Written Answers. - EIB Loans.

380.

asked the Minister for Finance the total amount of money borrowed by the Irish nation from the European Investment Bank; the amount allocated to each State agency; the amount of money which has been repaid; the interest rate of the borrowings; the term or number of years that each loan has been borrowed; if further loans are under negotiation by the Irish Government; and if he will put special emphasis on agriculture and industrial development.

In the period from 1973, when Ireland became a member of the European Investment Bank (EIB) by virtue of our accession to the European Communities, to 1984 inclusive, EIB loan signings amounted to IR£1,325.1 million. Loans to the Exchequer accounted from IR£645 million or almost 49 per cent of the total while the balance of IR£680.1 or just over 51 per cent of the total was lent to State-sponsored bodies and private companies.

The amounts borrowed by each State agency from the EIB in this period are summarised in the following table:

State Body

EIB Loans Signed (IR£million)

ESB

217.0

ITI

135.0

ICC

112.0

CIE

58.0

ACC

26.1

Bord na Mona

19.0

BGE

18.0

NET

17.2

B + I

12.5

IDA

10.0

CSET

2.8

Total

627.6

A further £IR£52.5 million in EIB loans were signed by the private sector.

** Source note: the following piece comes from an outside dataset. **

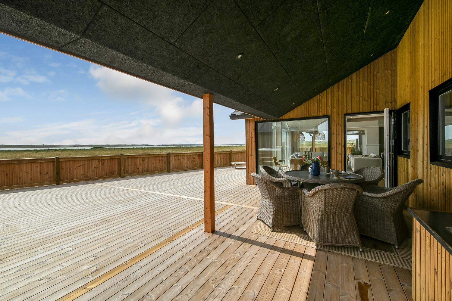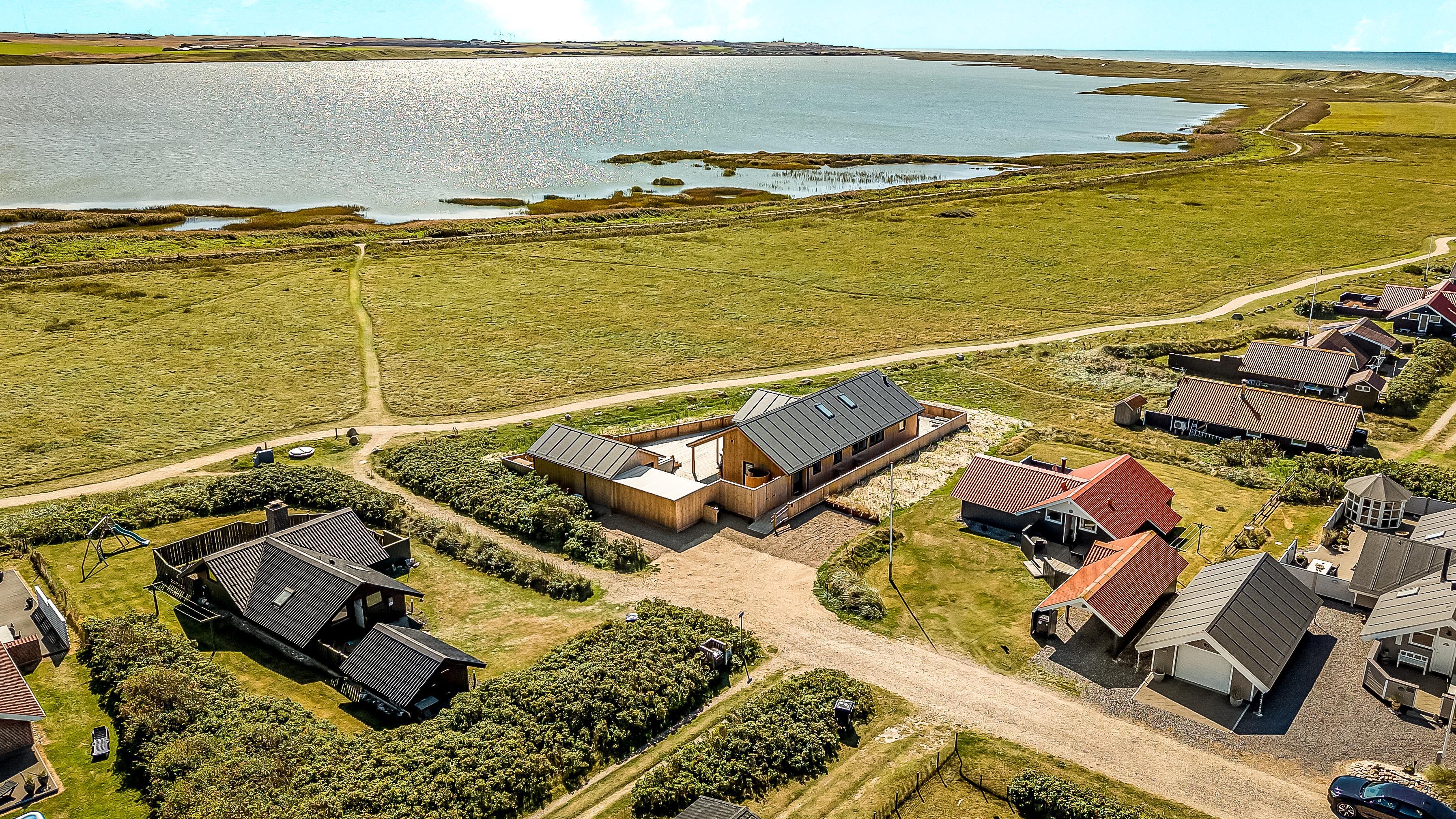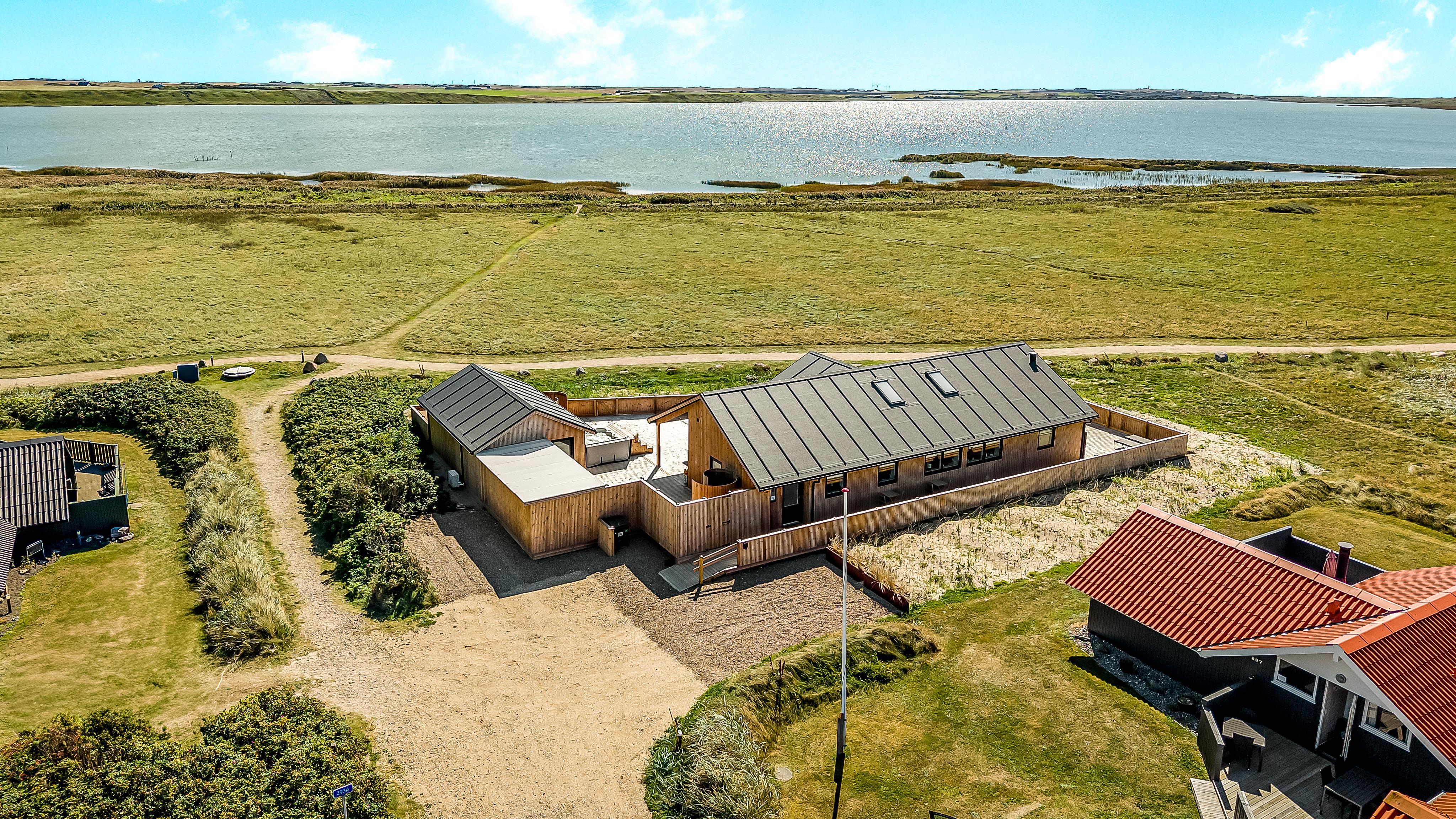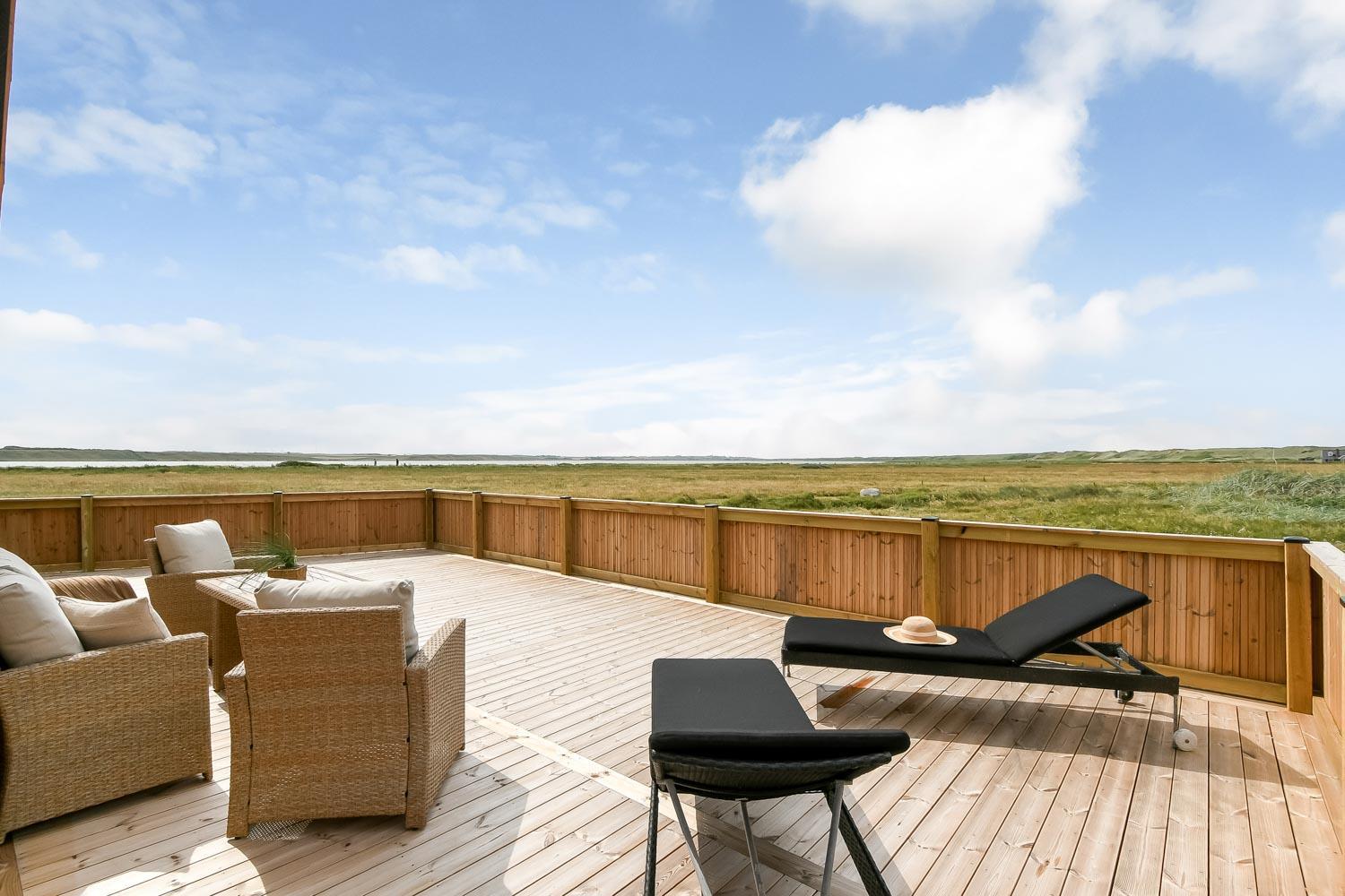Huset ligger som det første ud mod fredningslinjen og Ferring Sø, og fra både hus og terrasse er der en enestående udsigt. Dette flotte feriehus i træ er noget ganske særligt.

Of the IR£1,325.1 million borrowed to date from the European Investment Bank, some £IR£140 million has been repaid in accordance with the repayment schedules governing each of the individual loans.

As to the interest rate of the borrowings, there have to date been some 126 separate EIB loans to this country. All of these loans were denominated in foreign currencies and generally speaking each individual loan was comprised of a cocktail of such currencies, up to five different currencies in many cases, each carrying its own interest rate. In the circumstances, it would be difficult to provide the interest rate on the borrowings as it will be apparent that some 600 or so different interest rates could be involved. It can be pointed out, however, that EIB loans are at normal commercial rates of interest. Because of the Bank's status, it secures its funds at very keen terms which it then passes on to its clients with the addition of a very small margin for administration and for building up reserves. The Bank is a non-profit making institution but it is not permitted to provide subsidised loans.

As to the term of the loans, the EIB is the European Community's Bank for long term finance and generally speaking loans may be for a period ranging from five to 20 years. In certain cases even longer maturities can be negotiated. The majority of the loans to the Exchequer have been for 20 years.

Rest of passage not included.